20. Ein zartes Fiepen
Am nächsten Morgen wachte Sönke mit einem Glücksgefühl auf und tastete neben sich. Doch da war niemand. Maria war schon zum Dienst gefahren. Eigentlich war es ihm gar nicht recht, dass sie sich in ihrem Zustand mit Besoffenen oder Kriminellen rumschlagen musste. Besser, sie verschanzte sich im Innendienst. Doch dazu müsste Maria Brockstedt erst einmal mitteilen, dass sie schwanger war, und das wollte sie so lange wie möglich hinauszögern.
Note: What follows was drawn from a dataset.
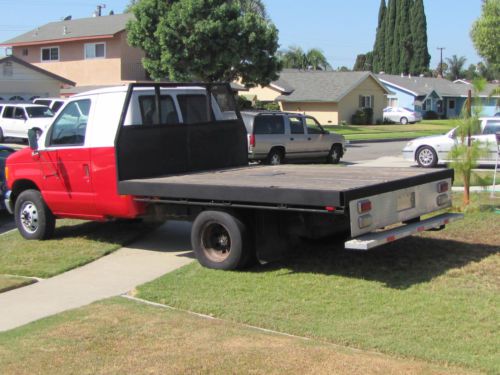 UP FOR AUCTION IS A 2001 FORD F-450 FLATBED WORK TRUCK. IT HAS A 7.2 DIESEL ENGINE. IT IS A AUTOMATIC TRANS. IT HAS 152K MILES. FOR A DIESEL IT IS JUST GETTING BROKE IN. THIS WAS A VAN CONVERSION AND HAD THEY EXTRA CAB ADDED ON FOR SOME EXTRA ROOM BEHIND THE FRONT SEATS. THE BED IS 10 FOOT. THE DECK IS BRAND NEW WOOD. IT HAS A FIFTH WHEEL HITCH ON IT. IT HAS A STEP BUMPER. A/C BLOWS COLD. POWER WINDOWS, POWER LOCKS. THIS WAS BOUGHT TO START A TRUCKING COMPANY, BUT WENT A DIFFERENT DIRECTION. TRUCK IS READY TO WORK.

Sönke hatte vor Aufregung die ganze Nacht kaum geschlafen, er war auch jetzt immer noch aufgewühlt. Väter waren immer nur andere geworden, Bekannte, Freunde, Verwandte. Nun er? So richtig konnte er es sich nicht vorstellen, schlaflose Nächte, Windelwechseln, und mit Kinderprodukten kannte er sich überhaupt nicht aus, von ferngesteuerten Monster-Trucks und Ähnlichem mal abgesehen. So etwas schenkte er gerne seinem Patenkind, sehr zum Entsetzen der Waldorfkindergarten-Eltern. Hoffentlich ging alles gut.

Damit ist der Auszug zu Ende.